Human Lost Anime Film's Video Reveals October Screenings in U.S.
posted on by Jennifer Sherman
Funimation began streaming an English-subtitled trailer for the Human Lost 3D CG anime film on Friday. The video reveals that the film will screen in theaters in the United States on October 22 and 23. Screenings on October 22 will have English subtitles, and screenings on October 23 will have an English dub.
The film will open in the U.S. before it opens in Japan. The anime is slated for global release in October and November. Anime Expo screened the North American English-subtitled premiere for the film in July.

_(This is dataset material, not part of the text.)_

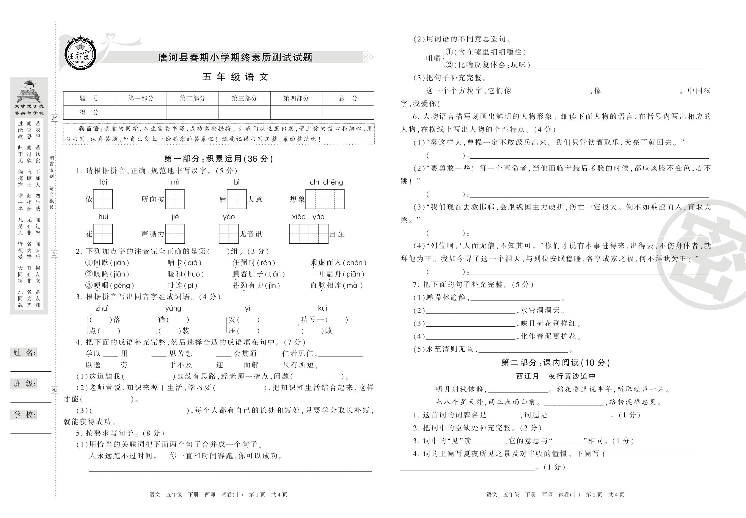 2015-2016学年第二学期南阳市唐河县五年级语文试卷(西师版)【10】

The anime won the the "Axis: The Satoshi Kon Award for Excellence in Animation" award as a Special Mention at Montreal's Fantasia International Film Festival on July 25. The film also screened out of competition at this year's Annecy International Animation Film Festival on June 14.
The "new sci-fi, cyberpunk film project" is an adaptation of Osamu Dazai's No Longer Human novel. Funimation describes the film:
From the chief director of “PSYCHO-PASS,” director of “Afro Samurai,” and the studio that brought you “Godzilla: Planet of the Monsters.”

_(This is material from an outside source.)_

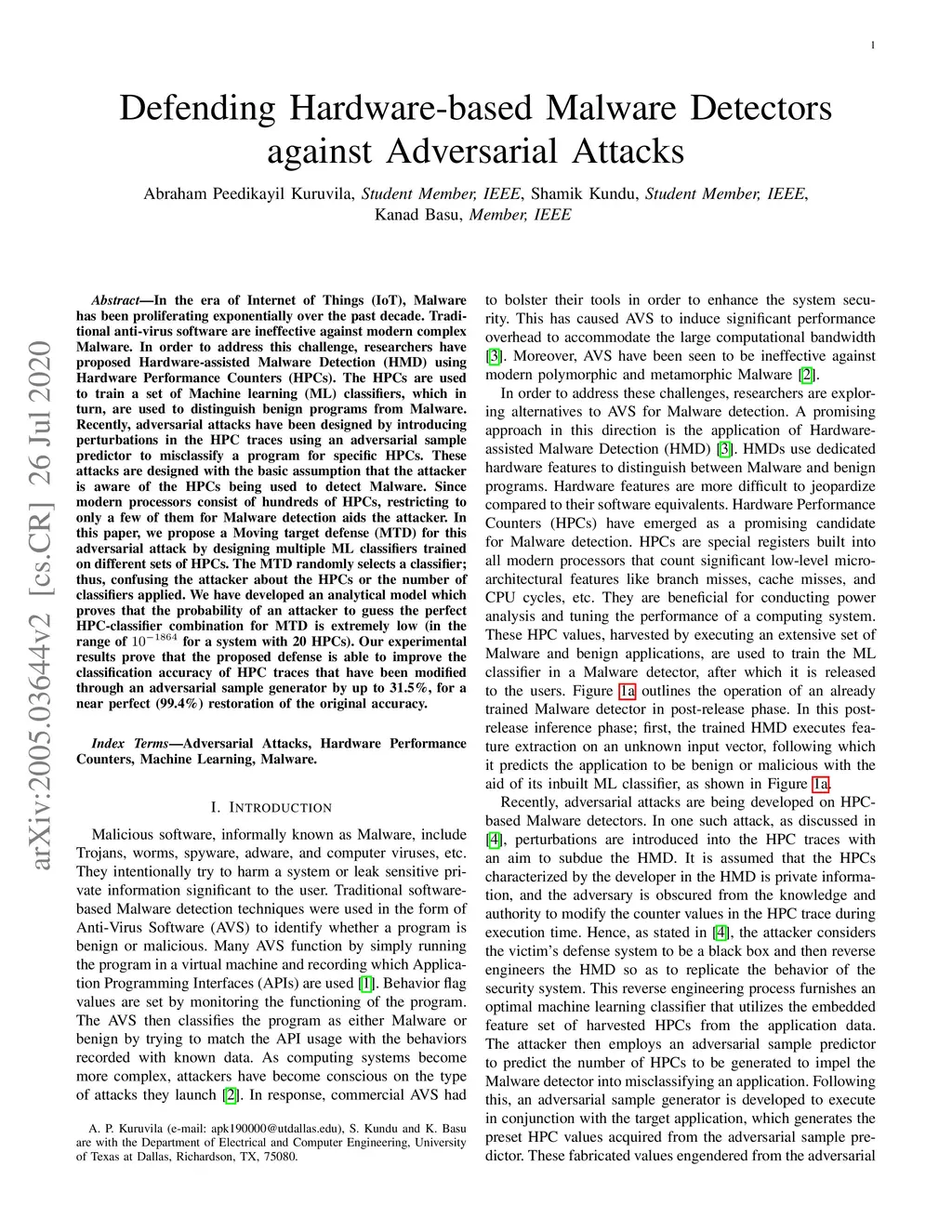 In the era of Internet of Things (IoT), Malware has been proliferating exponentially over the past decade. Traditional anti-virus software are ineffective against modern complex Malware. In order to address this challenge, researchers have proposed Hardware-assisted Malware Detection (HMD) using Hardware Performance Counters (HPCs). The HPCs are used to train a set of Machine learning (ML) classifiers, which in turn, are used to distinguish benign programs from Malware. Recently, adversarial attacks have been designed by introducing perturbations in the HPC traces using an adversarial sample predictor to misclassify a program for specific HPCs. These attacks are designed with the basic assumption that the attacker is aware of the HPCs being used to detect Malware. Since modern processors consist of hundreds of HPCs, restricting to only a few of them for Malware detection aids the attacker. In this paper, we propose a Moving target defense (MTD) for this adversarial attack by designing multiple ML classifiers trained on different sets of HPCs. The MTD randomly selects a classifier; thus, confusing the attacker about the HPCs or the number of classifiers applied. We have developed an analytical model which proves that the probability of an attacker to guess the perfect HPC-classifier combination for MTD is extremely low (in the range of for a system with 20 HPCs). Our experimental results prove that the proposed defense is able to improve the classification accuracy of HPC traces that have been modified through an adversarial sample generator by up to 31.5%, for a near perfect (99.4%) restoration of the original accuracy.

The year is 2036. A revolution in medical treatment has conquered death by means of internal nanomachines and the “Shell System”, yet only the richest can afford to partake.

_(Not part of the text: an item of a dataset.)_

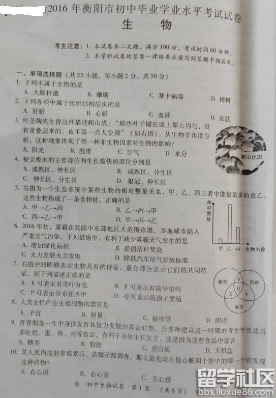 2016年湖南省衡阳市中考生物试题及答案

Yozo Oba isn't the richest. Troubled by strange dreams, he flippantly joins his friend's biker gang on an ill-fated incursion to “The Inside”, where society's elite lives. This instigates a journey of terrifying discovery that will change Yozo's life forever.
Katsuyuki Motohiro (FLCL Alternative, Psycho-Pass) served as executive director. Fuminori Kizaki (Afro Samurai) directed the film at Polygon Pictures. Tow Ubukata (Fafner, Psycho-Pass 2) wrote the scripts. Yūsuke Kozaki (BBK/BRNK, Intrigue in the Bakumatsu - Irohanihoheto) designed the characters, and Kenichiro Tomiyasu (Resident Evil: Damnation) was in charge of concept art. MAGNET and Slow Curve are credited with planning, and TOHO Visual Entertainment is distributing the film in Japan.
Dazai's original Ningen Shikkaku novel follows a young man's deepening alienation from the rest of the world, despite his attempts to maintain a cheery facade.